The fiscal year 2011 report compiled GHG emissions reports, submitted by the end of November 2012, from 934 facilities. TMG found total emissions for 2011 were 7.22 million metric tons CO2, a 2.16 million reduction from base-year emissions, which were 9.38 million metric tons CO2.
Base-year emissions are the average emissions of three consecutive fiscal years selected between FY2002 and FY2007.
The 2011 emissions represent an additional 10-point reduction from 2010 emissions, which showed a 13 percent reduction from base-year emissions.
The TMG attributes much of the 2011 reduction to that year’s earthquake, which shut off power to many businesses.
At that point, the city already had an energy conservation system, imposed by the cap-and-trade program. Under the program, facilities with annual energy usage equivalent to 1,500 kL or more in crude oil equivalent are required to reduce energy-related CO2 emissions during a five-year compliance period from fiscal year 2010 through 2014. Office buildings must cut their emissions 8 percent, and factories and other industrial facilities must reduce their emissions 6 percent.
Owners of facilities covered by the cap-and-trade program must report their emissions to the TMG by the end of November every year.

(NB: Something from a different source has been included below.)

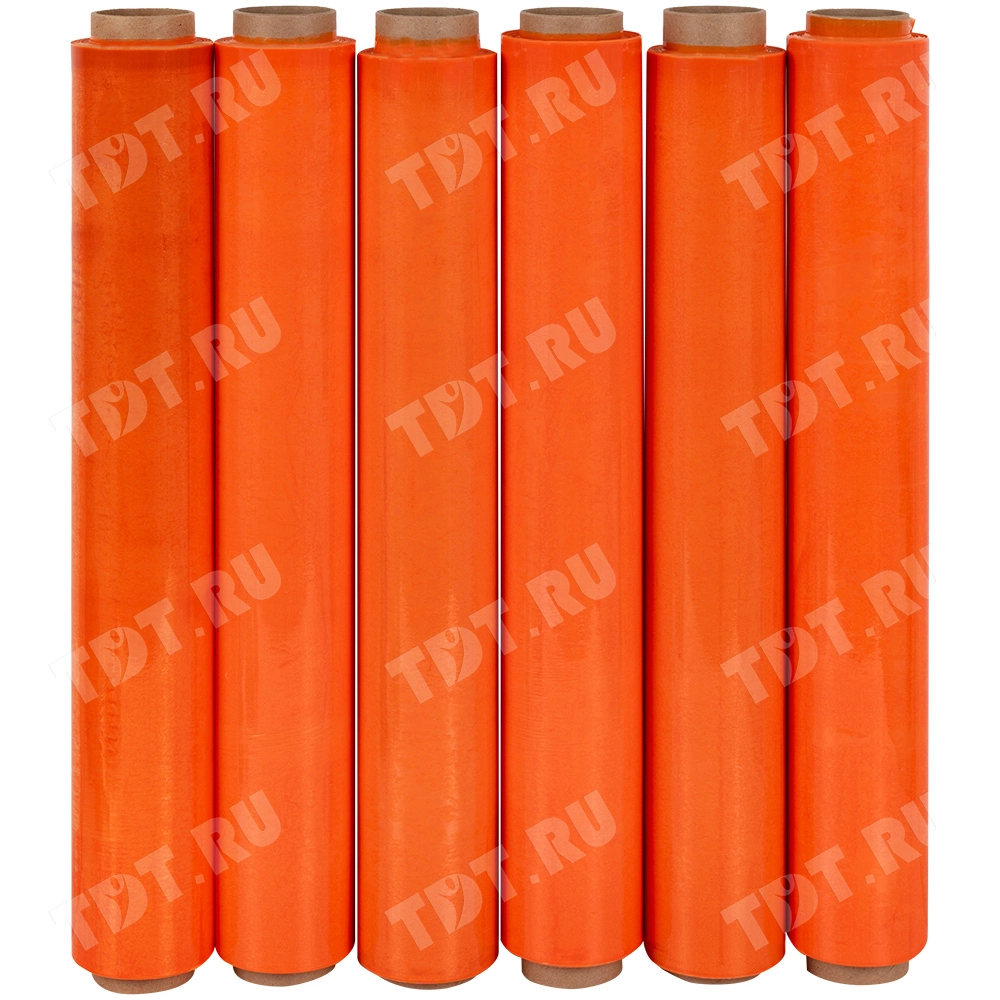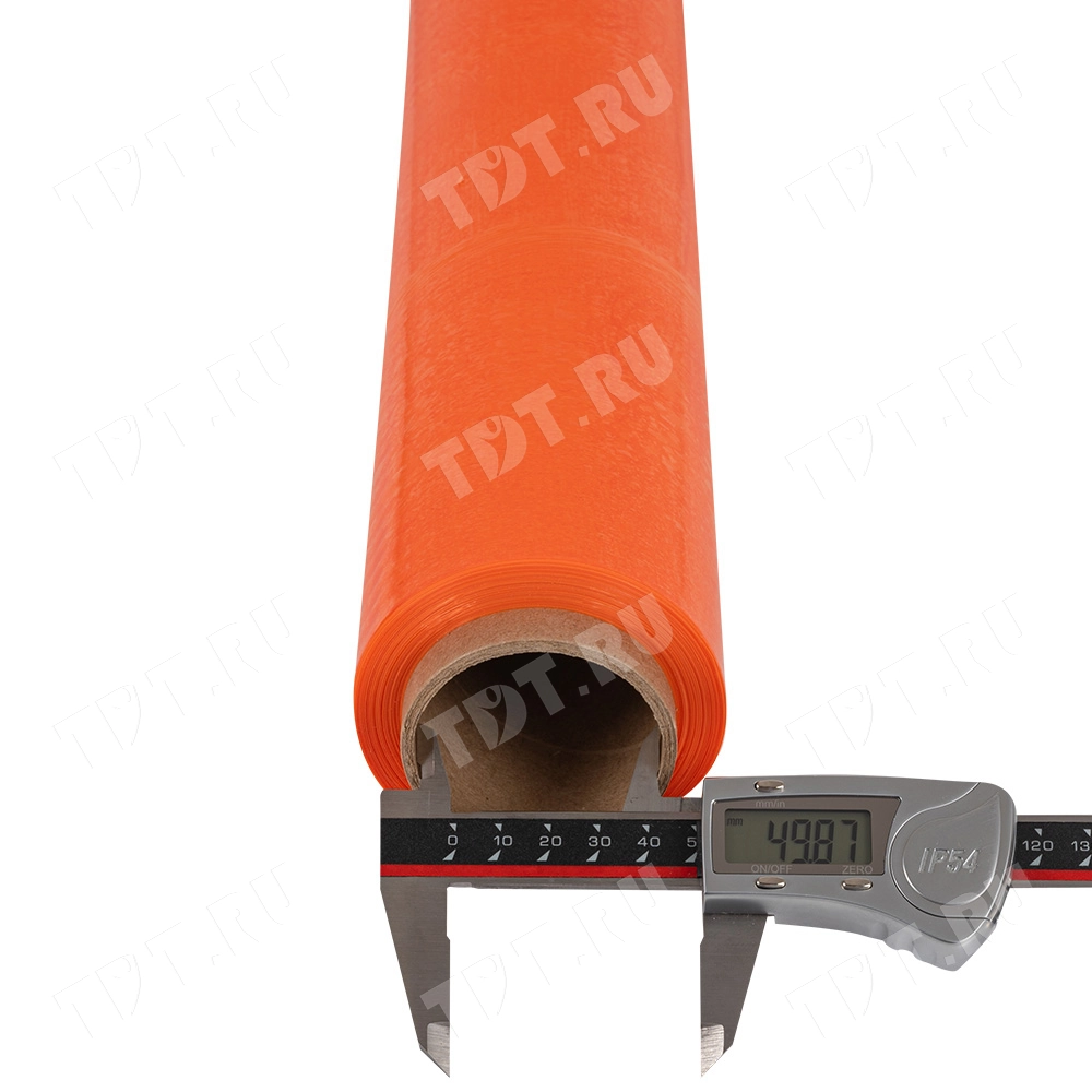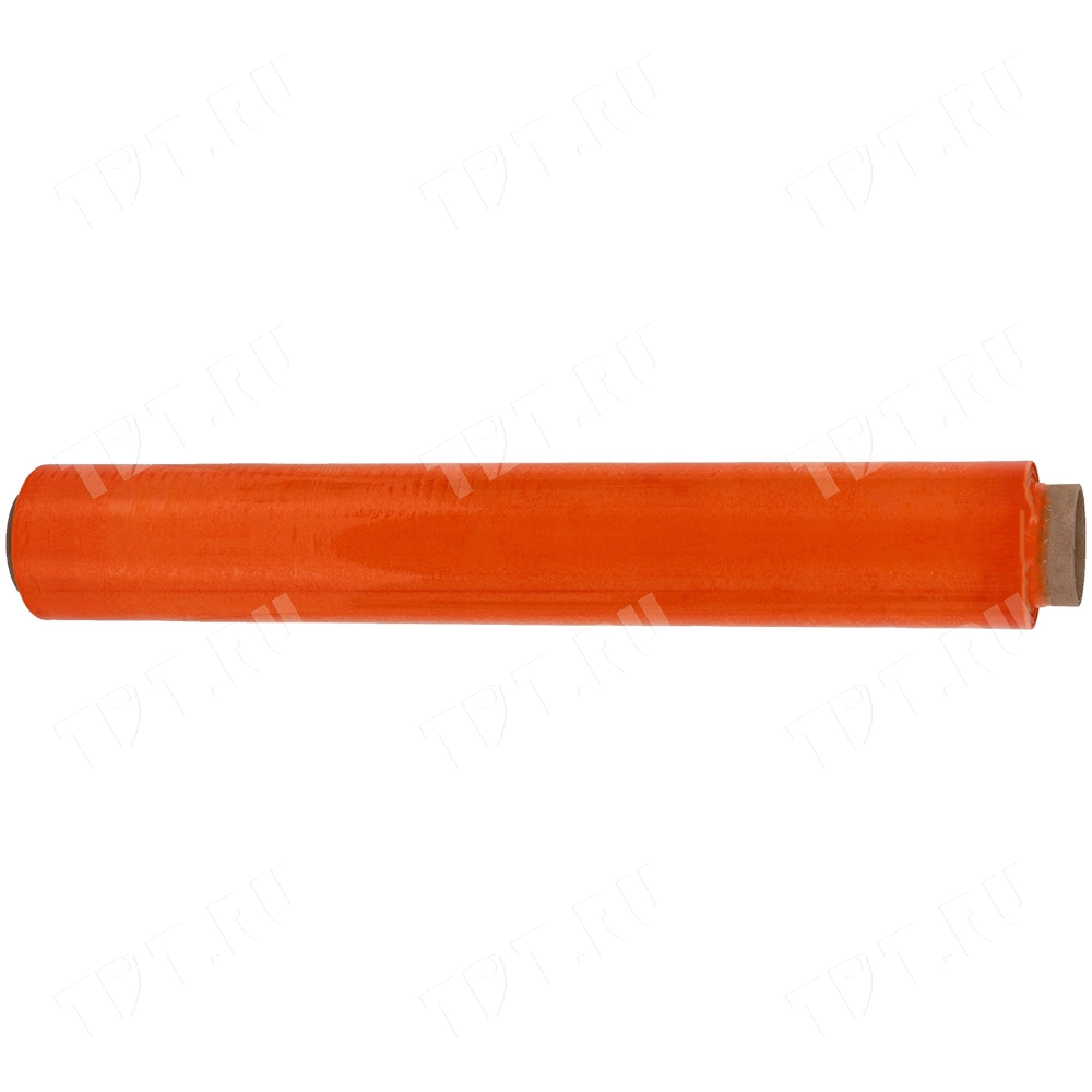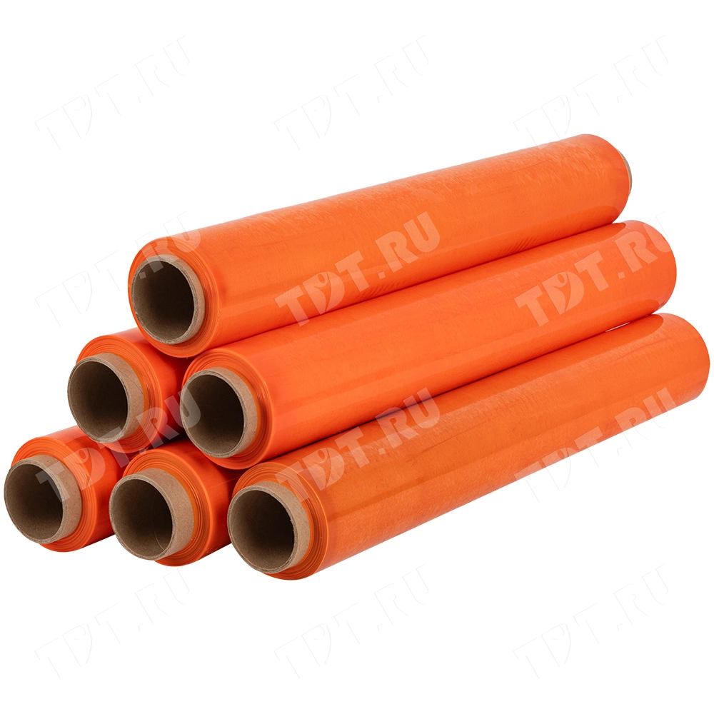 Стрейч пленка «Сочный апельсин», ярко-оранжевая, в рулоне намоткой 100 м, шириной 500 мм, толщиной 20 мкм, вес рулона 1.15 кг, вес втулки 150 г. Изготовлена из первичных гранул LLDPE. Производится в России.

According to the TMG, in 2010, 64 percent of facilities reduced carbon emissions by more than was required (see chart). In 2011, the number increased to 93 percent, with 70 percent reducing more than 17 percent, the planned reduction obligation for the second compliance period from 2015 through 2019.
In other carbon trading news, last week the European Energy Exchange cancelled its scheduled auction of EU carbon credits. The unsold credits will be added to Germany’s next four auctions, the European Energy Exchange said.
Record-low bids from utilities, factories and banks forced the auction’s cancellation, Bloomberg reports.
The cancelled auction has added to the EU’s oversupply of carbon permits, and on Jan. 21, the European price of carbon hit a record low, falling below €4.8 ($6.39), the BBC reports.